Once the file system has the base directory and, if pinned, matches exactly the pinned snapshot, the resource is said to be in compliance.

Remediation

The act of resolving drift. This is analogous to resolving a merge conflict in a version control system like Git. Resolving drift can be done in a number of ways including:

Revert back to a previous state
Acknowledge and accept the change
Change to something other than a previous state

Developer Level Terms

************************************************************************************
The following terms are used to describe implementation details and are
not terms an end user need know or understand.
************************************************************************************

Change Set

The report resulting from a drift detection run performed on the agent. The collection of changes where each change in the collection corresponds to a particular file. This is somewhat analogous to a commit in a version control system. Consider an initial commit for a file. With respect to the VCS, the only change represented by that commit is the addition of the file to version control. Each change set has an incrementing version associated with it, similar to say revision numbers in SVN.

Initial Change Set

Also known as the 'coverage changeset', the report resulting from the initial drift detection run for a definition. It reports the file-set to be used for subsequent drift determination, in essence the initial snapshot.

Drift Change Set

Reports on the set of changes between a resource and a previously known state of that resource. A change set entry corresponds directly to one file. It includes information to indicate whether the file has been added, modified or deleted from the set of files that are under drift monitoring. While a drift change set might have ten entries for example, indicating that ten files have changed, the change set does not provide any information as to the number or type of changes made for any particular file.

Drift File

Unique content corresponding to one or more files that are under drift monitoring. RHQ only stores one copy of a file's content (i.e., the actual bits). The content is uniquely identified by a SHA-256 hash. If multiple files, regardless of name, path, host machine, etc. have the same content as determined by the SHA-256 hash, then RHQ will only store one copy of that content for each of those files.

Drift Configuration

The actual RHQ Configuration-based domain object that backs a Drift Detection Definition.

Uses Cases

This section provides some discussion around the attached use case diagrams. There are several important concepts that are shared across these use cases. First, the agent only performs drift monitoring for a resource after the server has sent a request to do so. Drift monitoring is not enabled by default.

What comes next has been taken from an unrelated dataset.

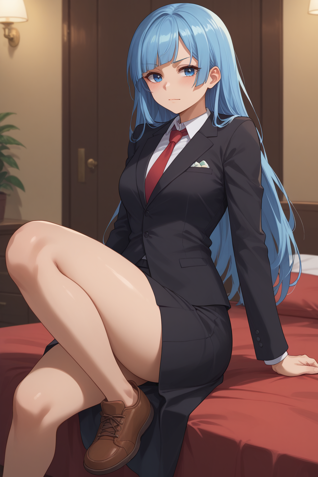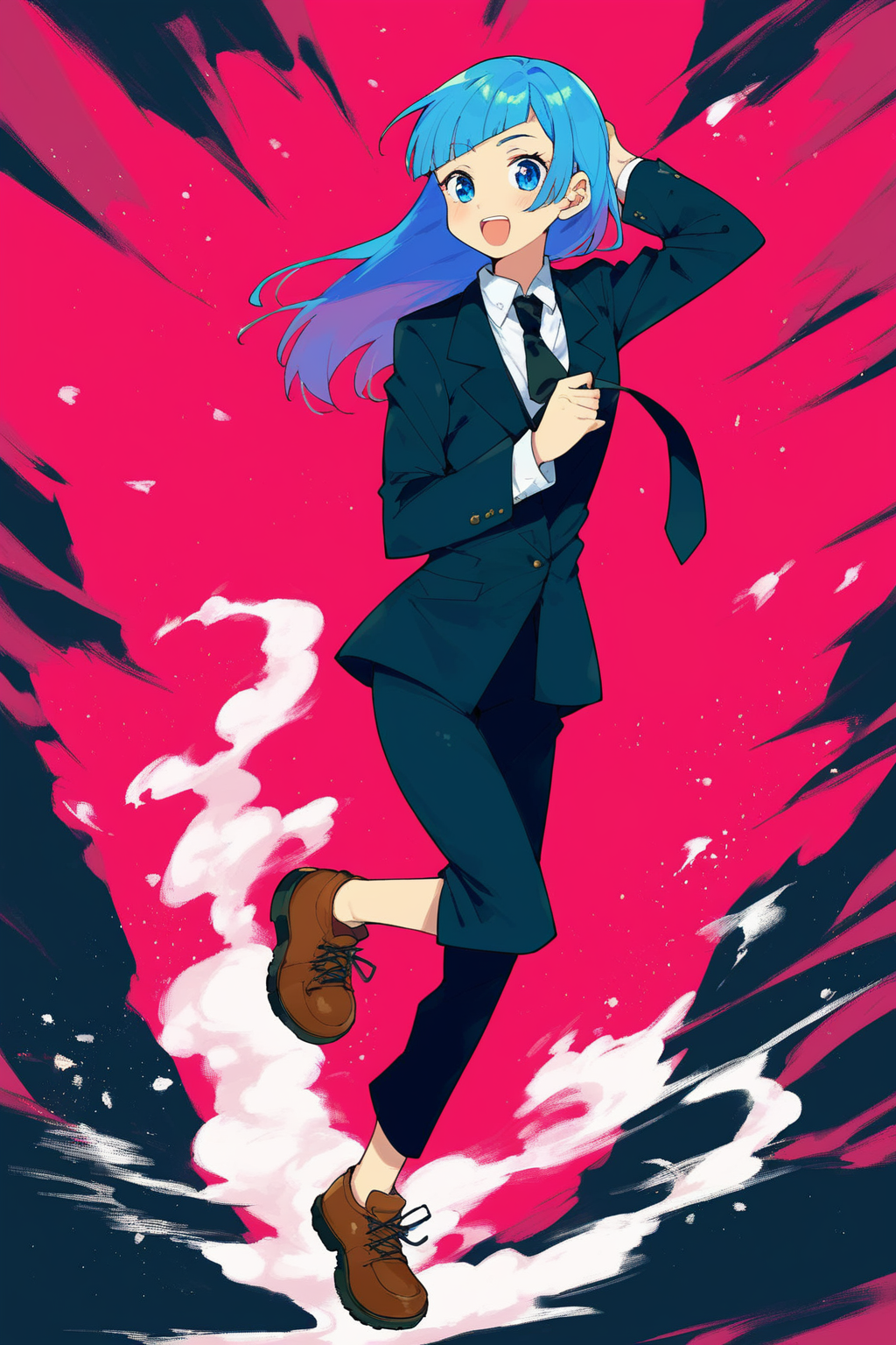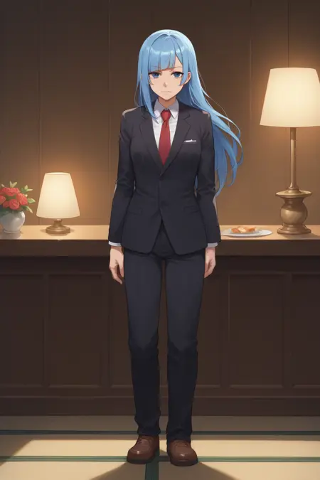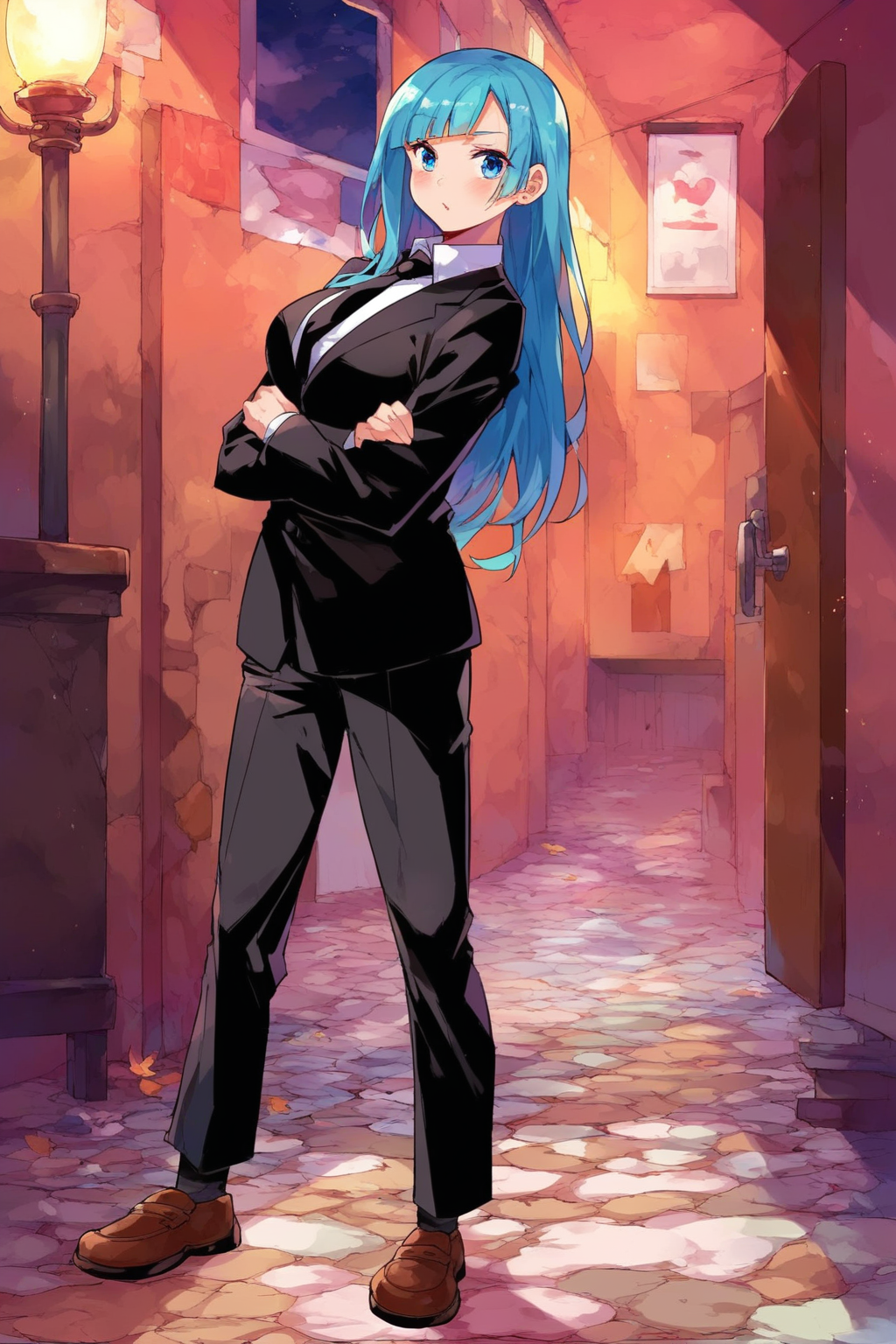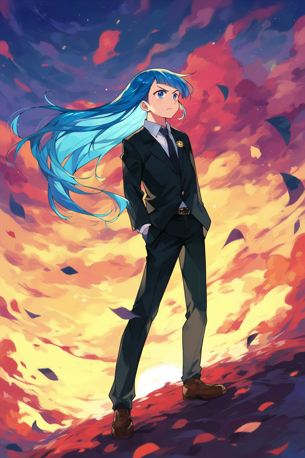 프롬프트: Miwa_JJK, 파란 머리카락, 넥타이, 카타나, 검은 정장, 남색 눈, 갈색 신발, 창백한 피부, 비대칭 앞머리, 긴 머리카락, 검은 넥타이,

All monitoring is performed against the live resource, and the agent sends any changes that it detects up to the server for further analysis. You will see in the diagrams that the agent only sends changesets in an effort to minimize network IO.

All of the snapshots and changesets are stored on the server. The agent only stores the meta data of the snapshot used for comparison against the live resource. The agent does not store copies of the snapshot data.

U1: Start drift monitoring for an EAP server.

In this use case, we start drift monitoring for an EAP server where no snapshots previously exist. The agent takes a full snapshot of the EAP server and sends it up to the server. On the server, the user creates a drift alert definition such that an alert will be fired whenever drift is detected for the EAP server. A few changes are made to the EAP server (as separate, discrete events). The agent detects and reports these changes. On the server, changes are compared to determine whether or not there is drift. When drift is detected, the server checks to see if there are any drift alert definitions. Since a drift alert definition has been created, an alert is fired for each change that results in drift. Note that when a change occurs that does not result in drift, no alerts are fired.

U2: Start drift monitoring for an EAP server with a pre-existing baseline snapshot.

This is a variation of U1 where the main difference is in how the flow starts. Unlike in U1, here the server includes snapshot meta data in the drift monitoring request it sends to the agent. This means that the agent does not have to send an initial, full snapshot to the server. This distinction between U1 and U2 is important. We substantially reduce the amount of data that we send across the network, and we also reduce the work the agent has to do since no initial snapshot has to be generated. These savings can be large enough that they merit a separate case in U2.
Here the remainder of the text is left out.